# Reserves Unit in Waterloo?



## bigni (3 Aug 2004)

Hello everybody,

I was wondering if anybody knows a Reserves Unit near the city of Waterloo. I will be going there in September for post-secondary education with the University of Waterloo. Also, I was hoping if anybody could tell me a little about training in the Reserves. I will be in a co-op program which will not allow me to take any summer semesters off. Hopefully there are units out there that trains alternatively during weekday evenings and weekends.

I am new to this forum. A little background information of myself. I go by the nicname Jey Bigni, currently 17, male. I was previously enrolled with RMC (Royal Military College) and went for training this summer. Half way into the training I decided I didn't want to obligate myself five years of service merely for a subsidized education. I want to serve in the military for a couple of years and eventually join the police force, which is ultimately what I want to do for a career. However, the military will give me a chance to serve my country before I turn 19 (minimal age for police) and while I study full-time.

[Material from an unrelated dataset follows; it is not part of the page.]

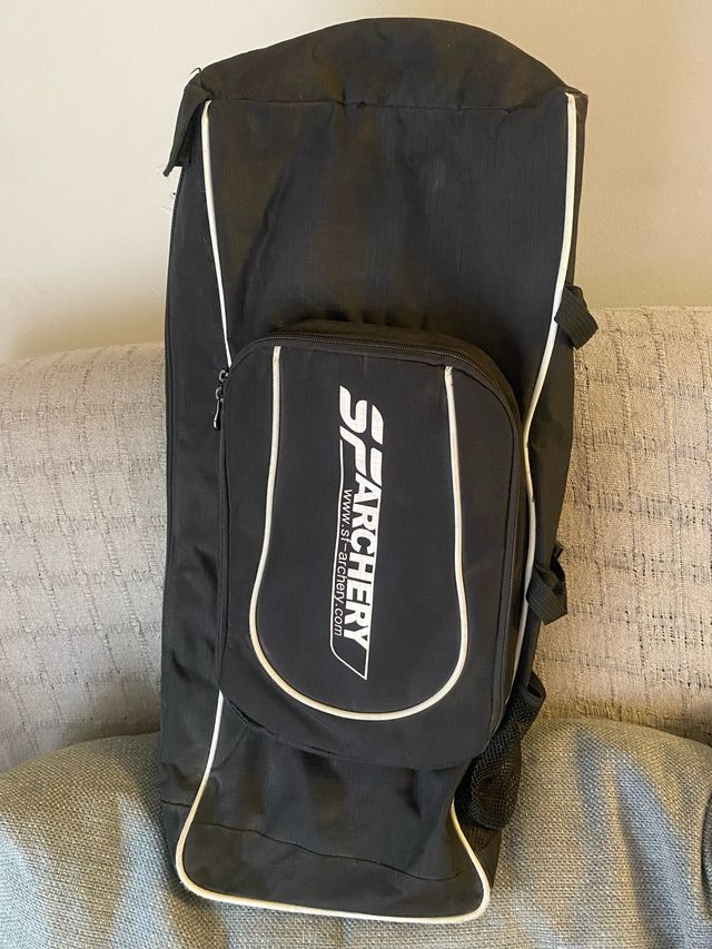 Detalles del productoMochila negra de la marca SF Archery, diseñada para el tiro con arco ideal para Arcos Recurvos Cuenta con un bolsillo frontal con cremallera y ribetes blancos.
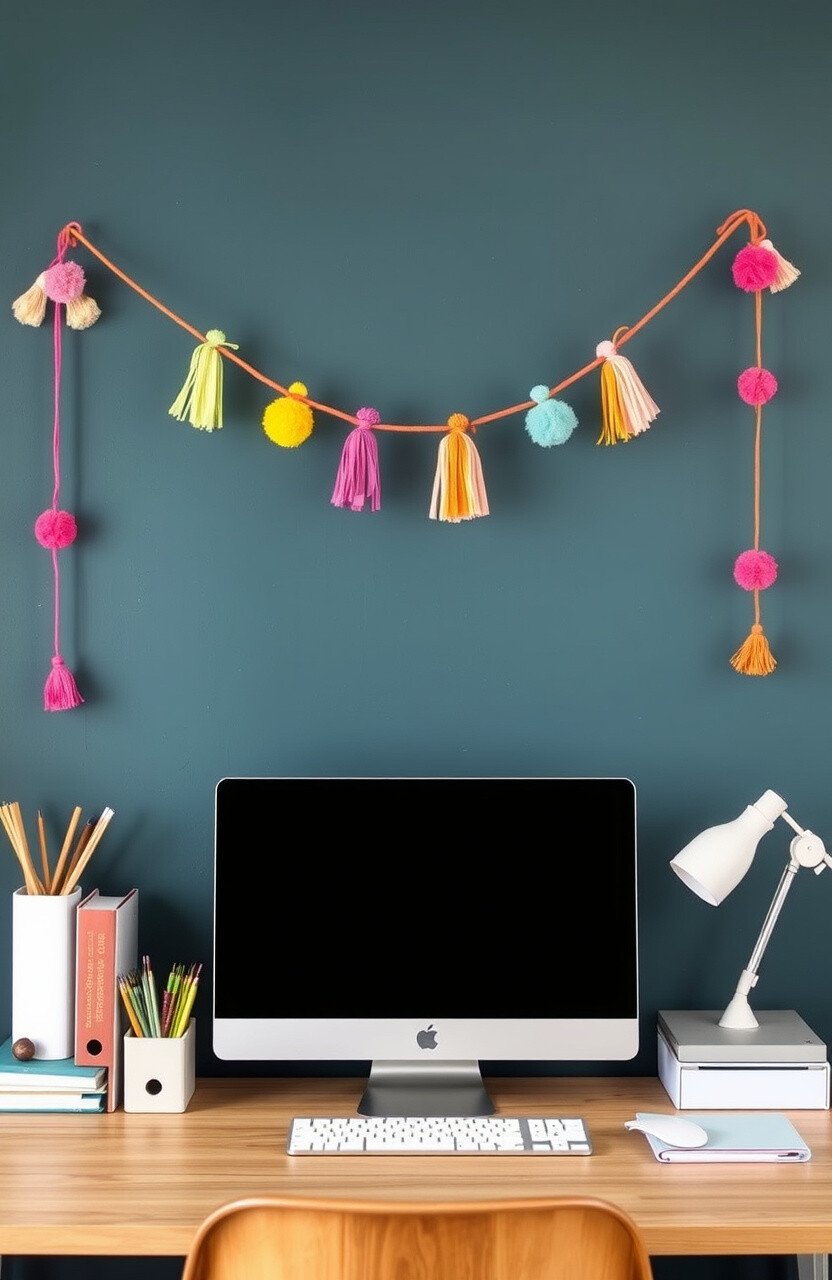 Hang a rainbow garland above your desk for a festive touch. These garlands are often made from fabric or paper, adding texture and color.

Post a reply for me if you have any suggestions for how I should achieve my goals; or if you just want to chit-chat, feel free to add me to your msn.


----------



## Michael OLeary (3 Aug 2004)

The local reserve unit in Kitchener-Waterloo is:

B COMPANY, THE HIGHLAND FUSILIERS OF CANADA
330 GAGE AVE
KITCHENER ON  N2M 5C9

You may find it difficult coordinationg Reserve service around a Co-op program schedule.


----------



## rormson (3 Aug 2004)

31 CER (The Elgins) have set up shop in Waterloo - 550 Parkside Drive. There is a discussion in Army.ca in the Forums/The Field/Engineers area of the site.


----------